Mahngebühren auf Basis von Verbrauchsschätzungen – was Kunden wissen müssen
Immer wieder berichten Verbraucher davon, dass deutsche Stromversorger Mahngebühren berechnen, obwohl das laufende Jahr noch nicht abgeschlossen ist und der tatsächliche Stromverbrauch noch nicht endgültig feststeht. Ein aktuelles Beispiel aus der Praxis verdeutlicht die Problematik:
-
Im ersten Vertragsjahr lag der Verbrauch deutlich unter den vereinbarten Abschlägen.
-
Im zweiten Jahr stiegen die Stromkosten bei identischem Verbrauch um wenige Euro pro Jahr.
-
Das dritte Jahr ist noch nicht abgeschlossen. Trotz korrekter monatlicher Meldung des Zählerstands und Zahlung der vereinbarten Abschläge wurden Mahngebühren für den kommenden Monat berechnet – basierend auf reinen Schätzungen.
Warum das gesetzlich unzulässig ist
-
Mahngebühren setzen eine fällige Forderung voraus
Nach § 286 BGB kommt ein Zahlungsverzug nur dann zustande, wenn eine fällige und dem Grunde nach berechtigte Forderung nicht beglichen wird. Solange der Verbrauch des laufenden Jahres noch nicht vollständig abgerechnet ist, kann keine endgültige Forderung bestehen. Eine bloße Hochrechnung stellt keine fällige Forderung dar. -
Schätzungen sind nur in Ausnahmefällen zulässig
Nach § 40b EnWG und § 11 StromGVV dürfen Versorger den Verbrauch nur schätzen, wenn eine Ablesung nicht möglich ist oder der Kunde seiner Mitwirkungspflicht nicht nachkommt. Wer monatlich die Zählerstände übermittelt, macht seine Mitwirkungspflicht vollständig geltend – eine Schätzung ist in diesem Fall unzulässig. -
Mahngebühren dürfen nur bei Verzug erhoben werden
Selbst wenn später eine Nachzahlung fällig wird, sind Mahngebühren nach § 288 BGB nur zulässig, wenn die Forderung tatsächlich gemeldet und nicht rechtzeitig überwiesen wurde.
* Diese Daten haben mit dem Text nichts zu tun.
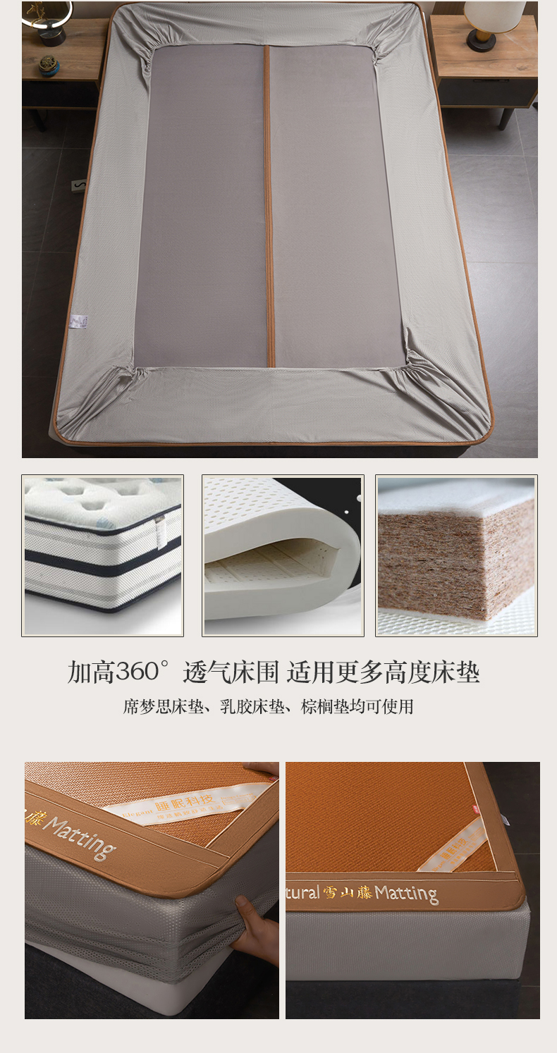 (总)卡罗兰 2025新款PE超冷感霸王藤刺绣床笠款凉席席子,古藤咖-床笠款,烟灰色-床笠款

Eine automatische Mahnung auf Basis einer Prognose verletzt diese Regel. -
AGB-Klauseln können unwirksam sein
Pauschale Mahngebühren auf Grundlage von Schätzungen können nach § 307 BGB unwirksam sein, wenn sie Verbraucher unangemessen benachteiligen, da kein tatsächlicher Verzug vorliegt.
Rechte der Verbraucher
Wenn ein Versorger unzulässig Mahngebühren erhebt, stehen Kunden verschiedene Möglichkeiten offen:
-
Schriftlicher Widerspruch – am besten per Einschreiben, unter Bezugnahme auf die oben genannten Paragrafen (§ 286 BGB, § 288 BGB, § 40b EnWG, § 11 StromGVV, § 307 BGB).
-
Fristsetzung zur Korrektur – häufig 14 Tage, um die Mahngebühren zurückzunehmen.
-
Schlichtungsstelle Energie – Verbraucher können kostenfrei eine Beschwerde einreichen, wenn der Anbieter sich weigert.
-
Bundesnetzagentur – bei systematischen Verstößen gegen die Abrechnungspflichten kann zusätzlich die Aufsichtsbehörde eingeschaltet werden.
Fazit
Verbraucher sollten wissen: Mahngebühren dürfen nicht auf Prognosen oder Hochrechnungen beruhen, sondern nur auf tatsächlich fälligen Forderungen. Monatlich gemeldete Zählerstände schützen vor unberechtigten Mahnungen. Wer sich unsicher ist, sollte die oben genannten Schritte nutzen, um die Berechtigung der Gebühren zu prüfen und sich zu wehren.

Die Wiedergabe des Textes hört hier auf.